__INFORMATION SUPPLIED__:
########
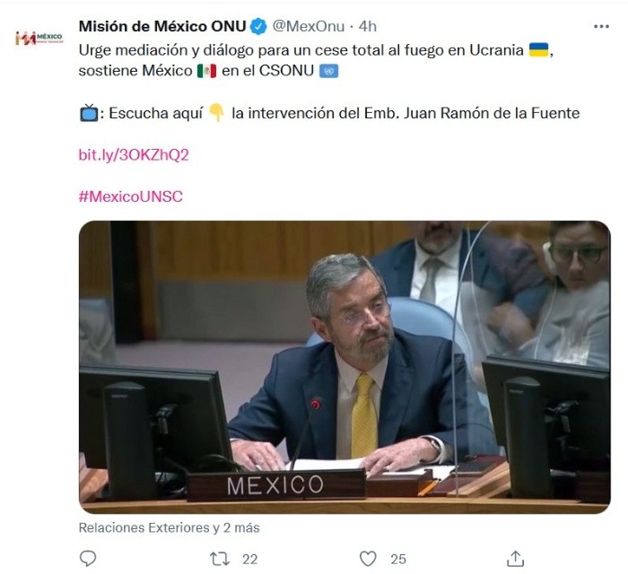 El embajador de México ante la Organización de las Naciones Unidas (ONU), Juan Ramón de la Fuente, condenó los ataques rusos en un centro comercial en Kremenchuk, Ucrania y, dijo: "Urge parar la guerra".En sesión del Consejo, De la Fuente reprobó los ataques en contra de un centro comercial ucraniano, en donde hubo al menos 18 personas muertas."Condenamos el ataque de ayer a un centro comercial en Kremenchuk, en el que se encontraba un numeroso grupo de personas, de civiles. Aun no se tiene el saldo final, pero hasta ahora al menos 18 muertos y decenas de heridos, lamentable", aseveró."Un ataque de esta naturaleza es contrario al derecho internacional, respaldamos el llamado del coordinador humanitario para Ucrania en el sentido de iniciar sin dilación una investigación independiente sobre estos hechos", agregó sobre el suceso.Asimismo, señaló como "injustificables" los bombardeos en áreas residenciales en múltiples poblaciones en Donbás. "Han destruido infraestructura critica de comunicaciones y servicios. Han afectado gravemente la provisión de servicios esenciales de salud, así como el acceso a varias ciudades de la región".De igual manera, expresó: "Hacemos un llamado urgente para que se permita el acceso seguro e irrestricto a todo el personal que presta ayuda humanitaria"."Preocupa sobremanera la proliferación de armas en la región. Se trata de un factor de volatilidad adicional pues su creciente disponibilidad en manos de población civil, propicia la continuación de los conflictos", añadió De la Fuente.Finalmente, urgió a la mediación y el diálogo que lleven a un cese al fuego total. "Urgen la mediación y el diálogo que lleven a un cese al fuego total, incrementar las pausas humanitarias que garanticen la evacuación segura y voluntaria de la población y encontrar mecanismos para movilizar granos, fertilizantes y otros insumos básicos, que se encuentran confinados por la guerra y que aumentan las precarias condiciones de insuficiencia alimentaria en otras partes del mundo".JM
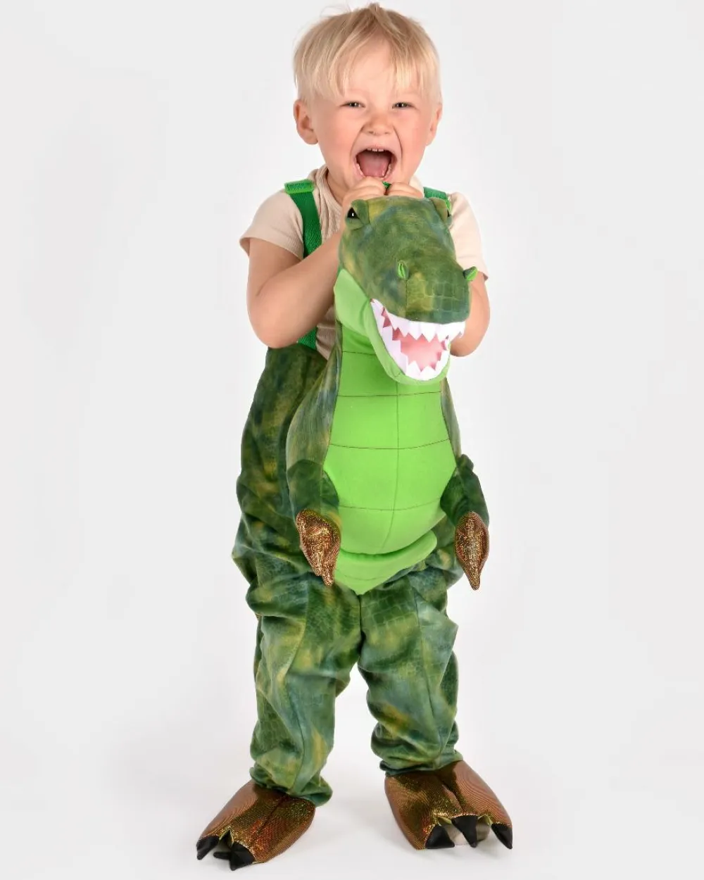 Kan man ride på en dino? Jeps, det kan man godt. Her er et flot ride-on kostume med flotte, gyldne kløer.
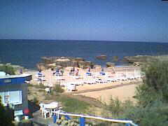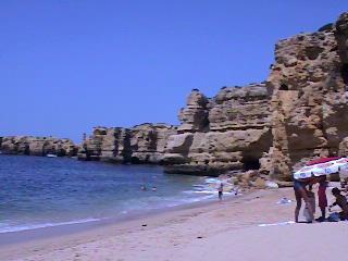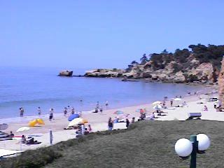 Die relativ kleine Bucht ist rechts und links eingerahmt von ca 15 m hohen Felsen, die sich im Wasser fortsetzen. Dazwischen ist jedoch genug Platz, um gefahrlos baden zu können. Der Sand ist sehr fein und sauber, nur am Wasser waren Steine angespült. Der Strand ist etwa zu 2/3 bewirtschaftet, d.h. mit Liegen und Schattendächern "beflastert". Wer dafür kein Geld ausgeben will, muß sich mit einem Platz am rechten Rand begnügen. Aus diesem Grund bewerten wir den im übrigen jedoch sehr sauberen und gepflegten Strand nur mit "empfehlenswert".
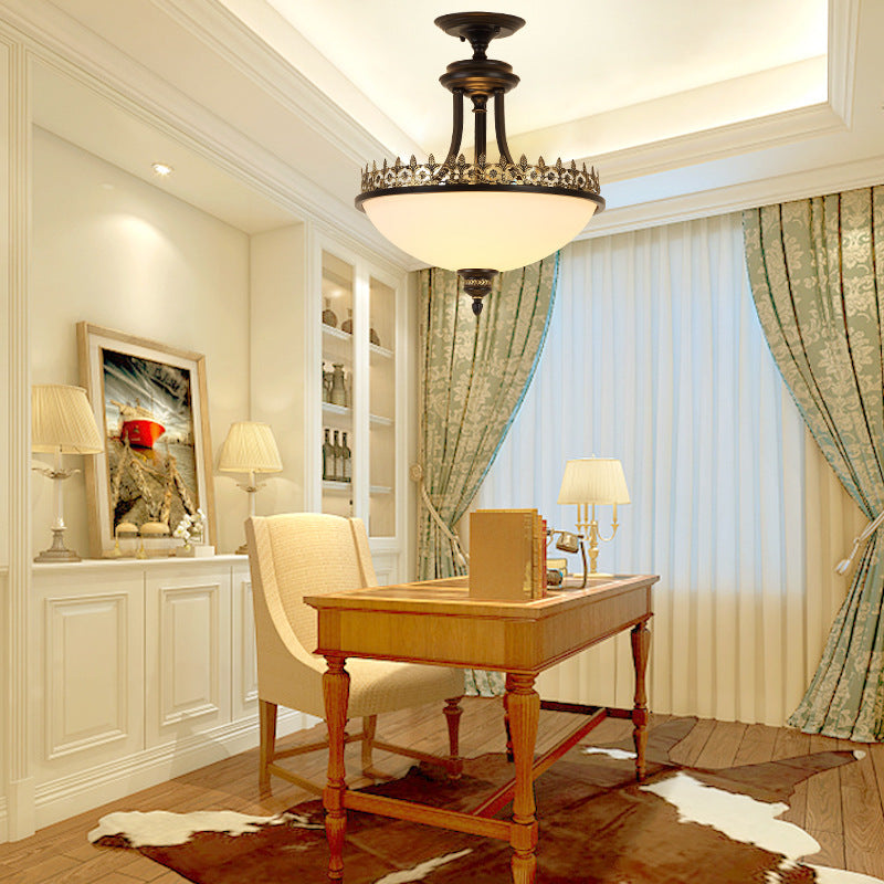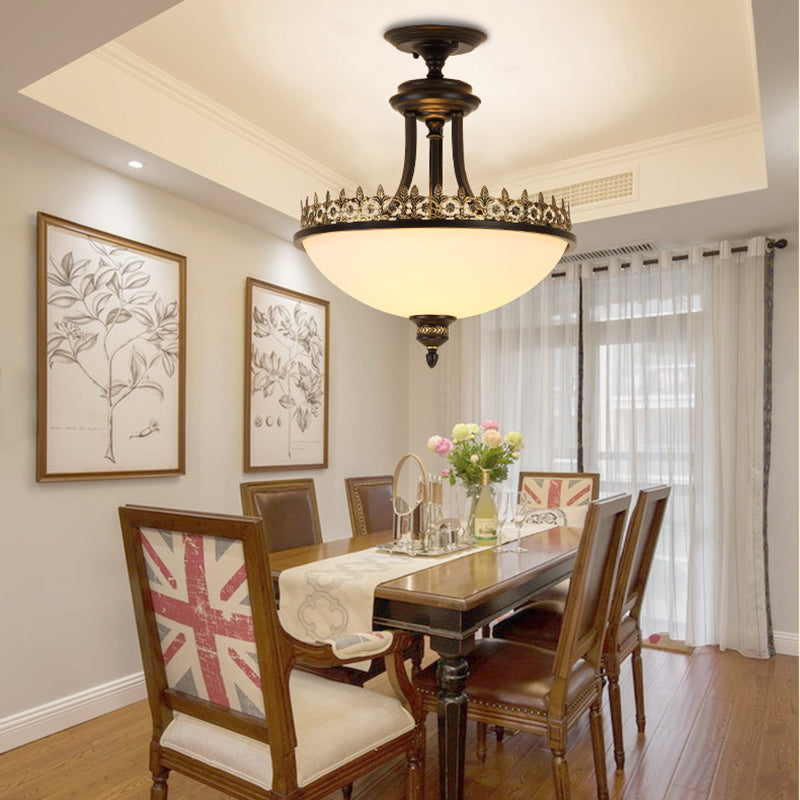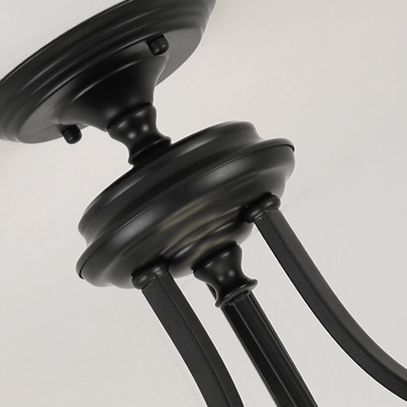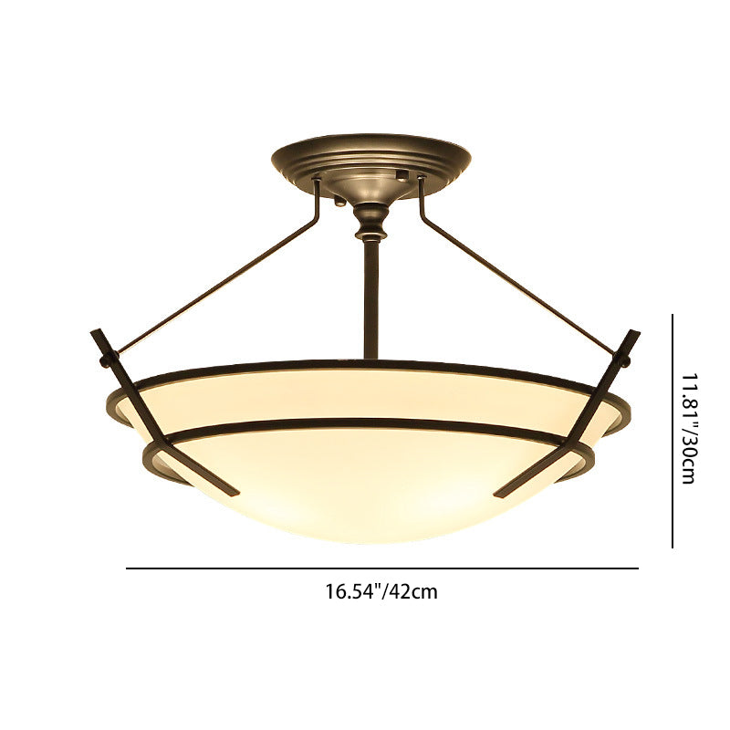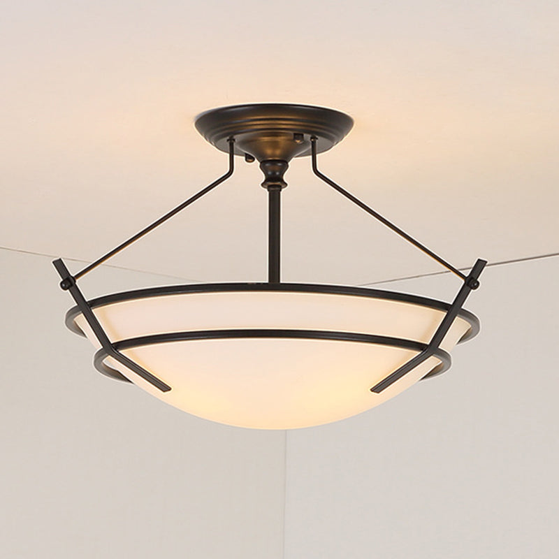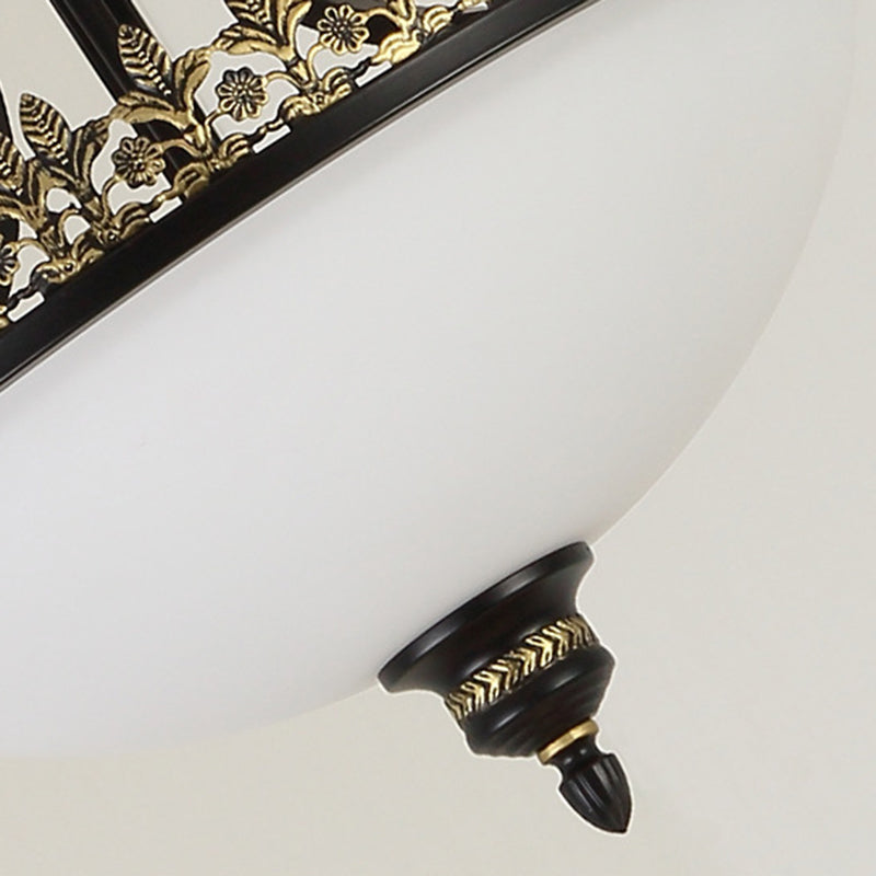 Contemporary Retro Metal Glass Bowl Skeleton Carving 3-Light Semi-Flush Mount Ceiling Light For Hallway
########
Word for word, restate the lines from the one containing "Kan man ride" through the end of the listing, and nothing more. Skip the pictures.

 Kan man ride på en dino? Jeps, det kan man godt. Her er et flot ride-on kostume med flotte, gyldne kløer.
 Die relativ kleine Bucht ist rechts und links eingerahmt von ca 15 m hohen Felsen, die sich im Wasser fortsetzen. Dazwischen ist jedoch genug Platz, um gefahrlos baden zu können. Der Sand ist sehr fein und sauber, nur am Wasser waren Steine angespült. Der Strand ist etwa zu 2/3 bewirtschaftet, d.h. mit Liegen und Schattendächern "beflastert". Wer dafür kein Geld ausgeben will, muß sich mit einem Platz am rechten Rand begnügen. Aus diesem Grund bewerten wir den im übrigen jedoch sehr sauberen und gepflegten Strand nur mit "empfehlenswert".
 Contemporary Retro Metal Glass Bowl Skeleton Carving 3-Light Semi-Flush Mount Ceiling Light For Hallway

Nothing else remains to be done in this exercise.